Mancini D M, Henson D, LaManca J, Levine S
Cardiovascular Section, Veterans Administration Medical Center, Philadelphia, Pennsylvania.
J Am Coll Cardiol. 1994 Oct;24(4):972-81. doi: 10.1016/0735-1097(94)90858-3.
We sought to investigate whether reduced respiratory muscle endurance contributes to increased dyspnea and decreased exercise capacity in patients with chronic heart failure.
In patients with heart failure, the sensation of dyspnea may be related to abnormalities of respiratory muscle function, such as diminished strength or endurance, or both.
Respiratory muscle endurance was assessed by measuring maximal sustainable ventilatory capacity in 15 patients with congestive heart failure and 8 normal subjects using progressive isocapnic hyperpnea. Near-infrared spectroscopy of an accessory respiratory muscle, Borg scale recordings of perceived dyspnea, time in inspiration, time per breath and minute ventilation were measured. Exercise testing with measurement of oxygen consumption was also performed.
Maximal voluntary ventilation (normal subjects 167 +/- 40, heart failure group 89 +/- 31 liters/min) and maximal sustainable ventilatory capacity (normal subjects 90 +/- 23, heart failure group 53 +/- 22 liters/min) were significantly reduced in patients with heart failure (both p < 0.05). No significant accessory respiratory muscle deoxygenation was observed in either group. Borg scale recordings at maximal sustainable ventilatory capacity were comparable in both groups. At rest, the inspiratory duty cycle (i.e., time in inspiration divided by the time per breath) was comparable in the two groups (normal subjects 0.34 +/- 0.09, heart failure group 0.37 +/- 0.12, p = NS). However at maximal sustainable ventilatory capacity, only normal subjects had a significant increase in the inspiratory duty cycle (normal subjects 0.49 +/- 0.04, heart failure group 0.36 +/- 0.10, p < 0.05). This finding suggests obstruction to airflow in patients with congestive heart failure. Values for peak exercise minute ventilation did not differ significantly from values in maximal sustainable ventilatory capacity in either group and were significantly correlated (r = 0.84, p < 0.0001).

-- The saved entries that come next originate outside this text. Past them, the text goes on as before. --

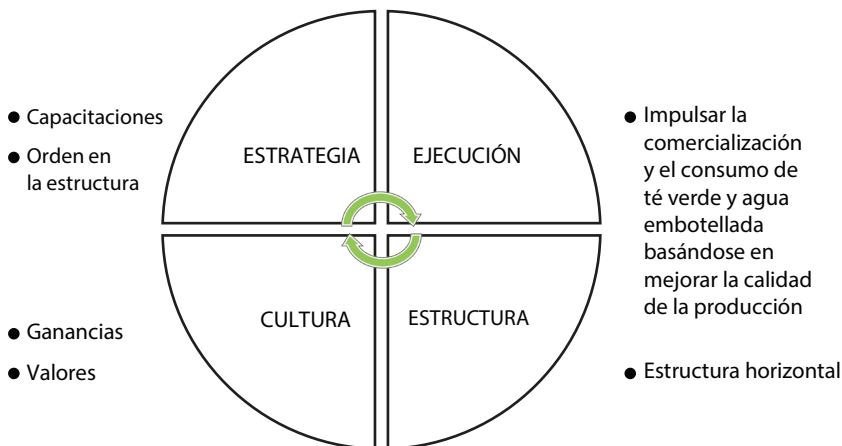
Figura 2 Modelo de gestión

Se toma en cuenta el concepto de Osterwalder, Pigneur y Tuccini (2005), que define que un modelo de negocio es una herramienta conceptual que contiene un conjunto de elementos y sus relaciones y que nos permite expresar la lógica de negocio de una empresa específica. La estructura del modelo de gestión de la empresa se enfoca en 4 aspectos fundamentales: estrategia, ejecución, estructura y cultura, que nos permiten ejecutar las estrategias definidas.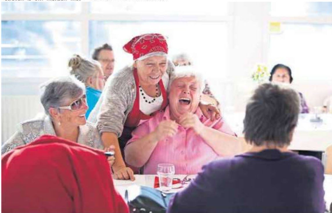
Het Resto is elke woensdag geopend vanaf 17.30 uur in het Kernhuis aan de Parkrand 60.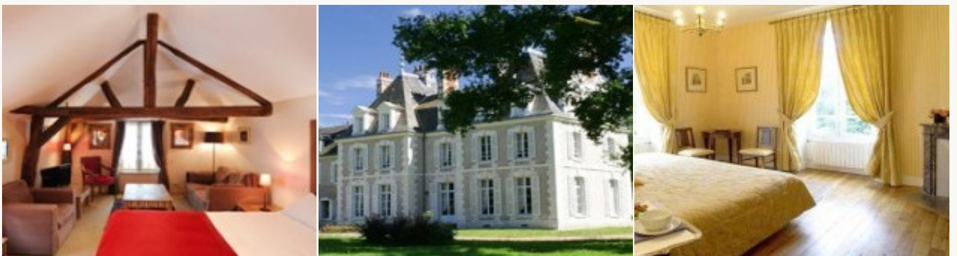
Voorbeeld van het type accommodatie

U verblijft in kleine kastelen, ****-hotels of karaktervolle chambres d'hôte (bed and breakfasts) waar u kunt het "vie de château" in een spectaculaire omgeving leven. Zij worden voor een onberispelijke service geselecteerd. Het ontbijt is inbegrepen.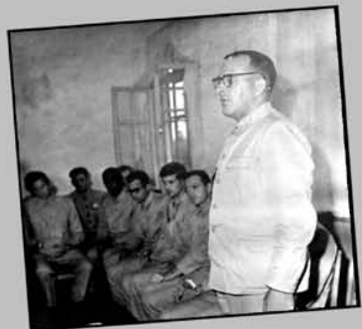
На пресс-конференции штурманский признает, что корабль «Пуэбло» вторгся в глубь территориальных вод КНДР.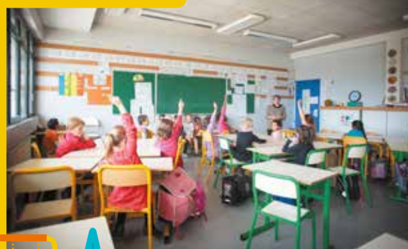
Atelier au Puy-Saint-Martin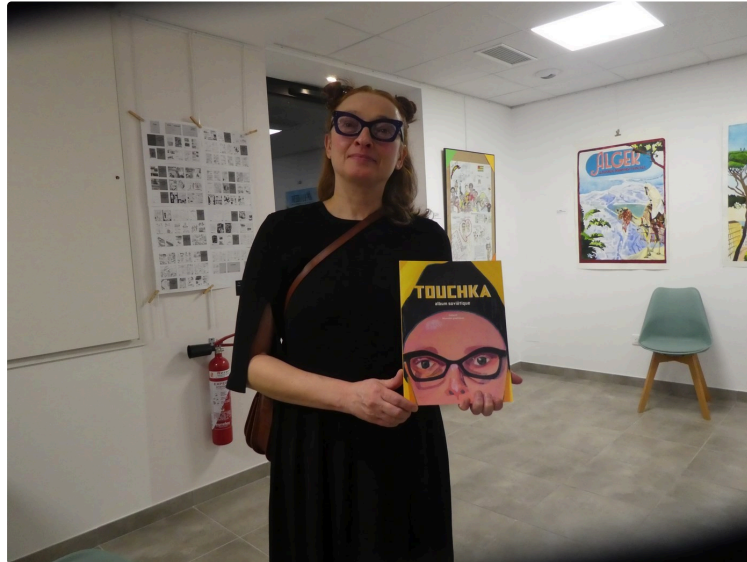
Exposition " Vies d'ailleurs, Nouvelles d'ici" par l'association "Nouvelles Graphiques"

Ala Médiathèque et Office du Tourisme jusqu'au 31 janvier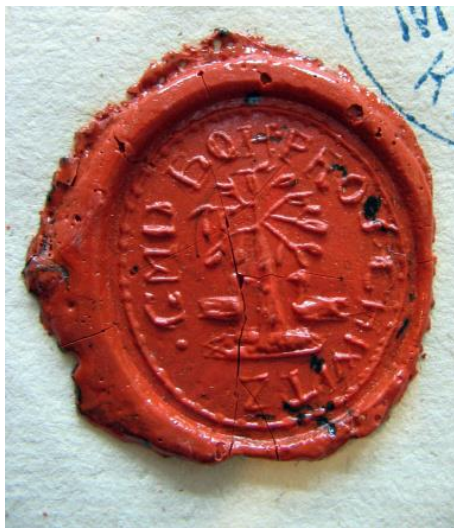
Pečet' obce České Proseče

Respiratory muscle endurance as assessed by maximal sustainable ventilatory capacity is reduced in patients with heart failure.

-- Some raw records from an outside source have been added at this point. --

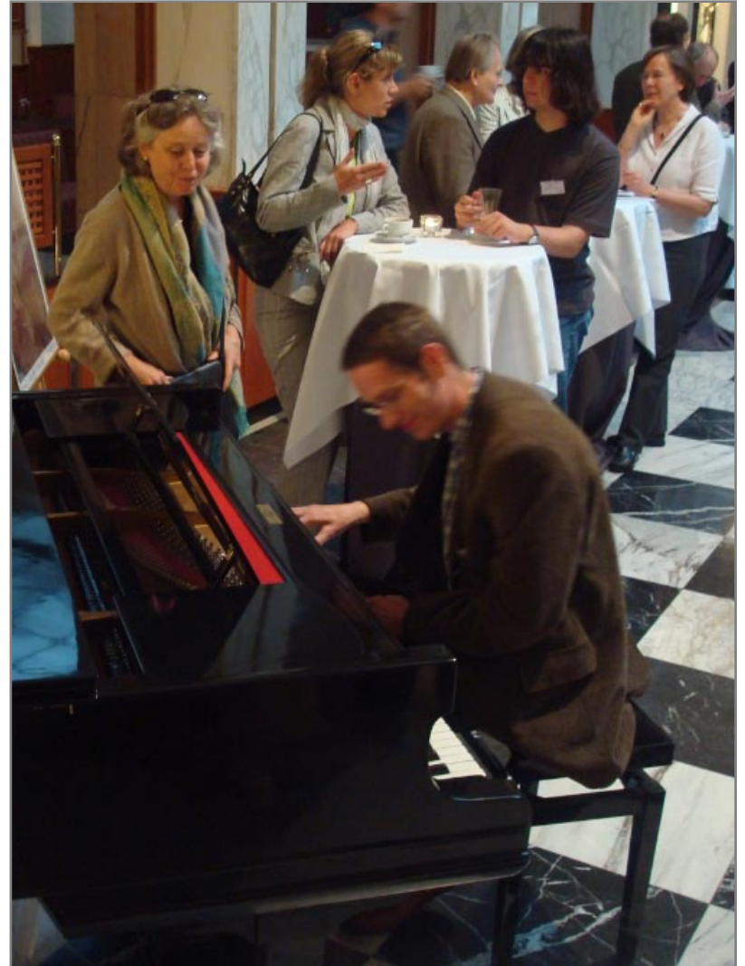
Der Pianist Entspannung in der Pause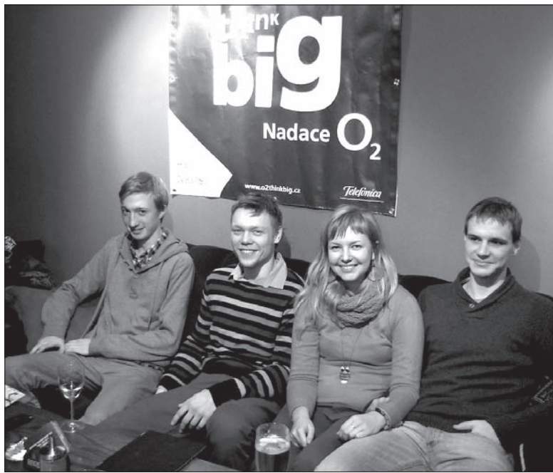
Młodzież nie jest wobec „Psiska” obojętna.

Praca wolontariuszy polegała zarówno na pisaniu projektu, jak i jego realizacji. Dzięki ich zaangażowaniu zorganizowana została zbiórka charytatywna, przygotowany też został sobotni koncert. Ich zadaniem będzie również przekazanie zebranych rzeczy do konkretnych schronisk. Z racji tego, że każde schronisko ma nieco inne potrzeby, do niektórych pędurują przede wszystkim koce i materace, do innych z kolei karmy dla szczeniaków. W klubie „Dziupla”, który związany jest z „Psiskiem” od samego początku, zainstalowana została także wystawa fotografii psów z trzynieckiego schroniska. Dzięki konkretnym informacjom umieszczonym pod zdjęciem każ-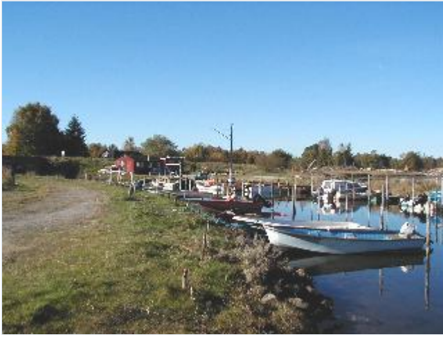
Foto: 13. Fiskeri- og bådehavnen med redskabsskure m.m. ved den nordre kanals udløb, fra øst Stort billede

我们试图研究呼吸肌耐力下降是否会导致慢性心力衰竭患者呼吸困难加重和运动能力降低。
在心力衰竭患者中,呼吸困难的感觉可能与呼吸肌功能异常有关,如力量减弱或耐力下降,或两者皆有。
通过使用渐进性等碳酸过度通气法测量15例充血性心力衰竭患者和8例正常受试者的最大可持续通气能力来评估呼吸肌耐力。测量辅助呼吸肌的近红外光谱、主观呼吸困难的Borg量表记录、吸气时间、每次呼吸时间和分钟通气量。还进行了测量耗氧量的运动测试。

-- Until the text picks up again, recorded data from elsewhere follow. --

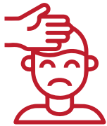
Dolor de cabeza

- En el 3rea de observaci3n, personal de salud debe informarle que reacciones podr3an presentarse principalmente en los dos d3as siguientes a la vacunaci3n, las que se describen en la secci3n de eventos supuestamente atribuibles a vacunaci3n o inmunizaci3n (ESA VI).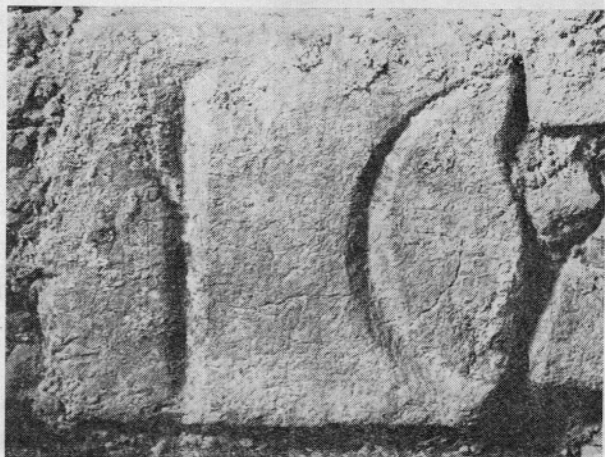
4 (gl. str. 180)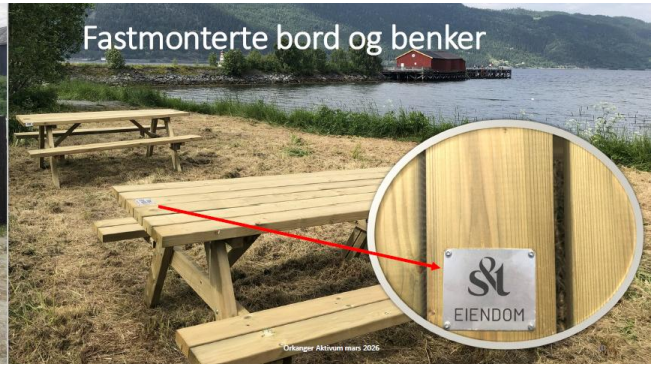
Fastmonterte bord og benker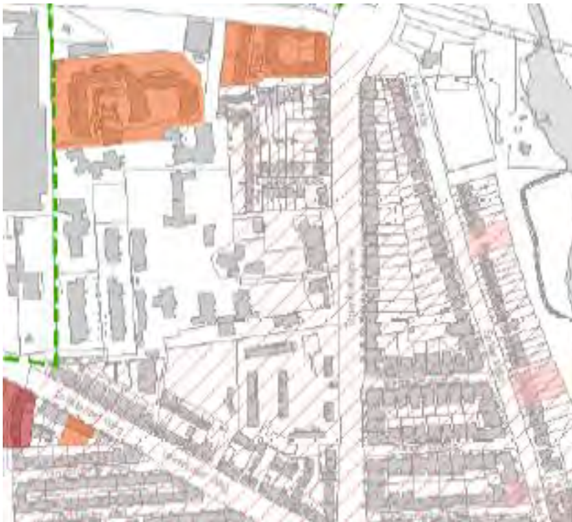
Abb. 8: Auszug Backsteinkartierung (Behörde für Stadtentwicklung und Wohnen, 2014)

Durch die Novellierung der Hamburgischen Bauordnung (HBauO) vom 14. Dezember 2005 (HmbGVBl. S. 525, 563), zuletzt geändert am 20. Februar 2020 (HmbGVBl. S. 148, 155), im Speziellen dem § 60 HBauO – Verfahrensfreie Vorhaben – der Anlage 2 zur HBauO und dem § 61 HBauO – Vereinfachtes Verfahren – ist die Beteiligung der Verwaltung nicht mehr vorgesehen. Bauherren steht es frei, Fenster und Türen eigenverantwortlich austauschen, Dachgauben und Dacheinschnitte herzustellen sowie Außenwandverkleidungen oder Wärmedämmverbundsysteme an Gebäuden bis zu 7m Höhe antragsfrei zu installieren.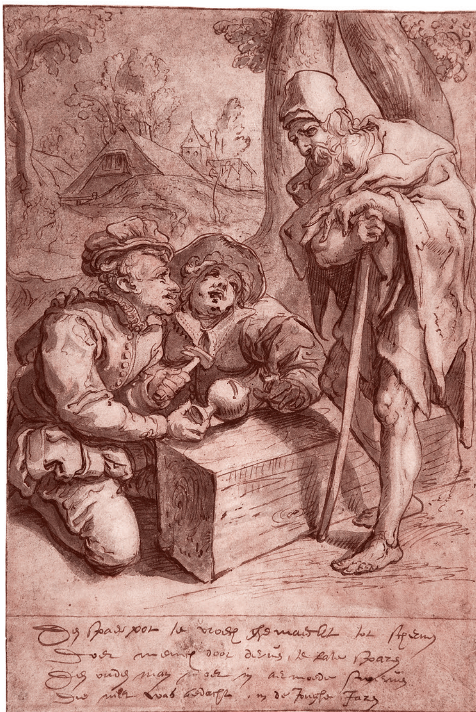
Карел ван Мандер I. Богатство и бедность. Середина XVI — начало XVII вв.

Нельзя сказать, что пенсионное обеспечение не существовало. Оно существовало для отдельных категорий граждан, которые уже к периоду средних лет не могли как следует заниматься своим ремеслом. В Англии, например, уже на рубеже XVI–XVII столетия (в 1597–1601 гг.) для военных было введено пенсионное обеспечение. Во Франции в 1673 году ввели пенсию для морских офицеров. В Англии в 1759 году «Актом о помощи и поддержке морякам» было установлено ежемесячное содержание в размере 6 пенсов в месяц для служивших во флоте Его Величества и для их вдов — очень скромное, но хотя бы гарантированное. В 1762 году такое обеспечение было введено в Испании указом

心力衰竭患者的最大自主通气量(正常受试者167±40,心力衰竭组89±31升/分钟)和最大可持续通气能力(正常受试者90±23,心力衰竭组53±22升/分钟)均显著降低(均p<0.05)。两组均未观察到明显的辅助呼吸肌脱氧现象。两组在最大可持续通气能力时的Borg量表记录相当。静息时,两组的吸气占比(即吸气时间除以每次呼吸时间)相当(正常受试者0.34±0.09,心力衰竭组0.37±0.12,p=无统计学意义)。然而,在最大可持续通气能力时,只有正常受试者的吸气占比显著增加(正常受试者0.49±0.04,心力衰竭组0.36±0.10,p<0.05)。这一发现提示充血性心力衰竭患者存在气流阻塞。两组的运动峰值分钟通气量与最大可持续通气能力的值无显著差异,且显著相关(r=0.84,p<0.0001)。
通过最大可持续通气能力评估的心力衰竭患者呼吸肌耐力降低。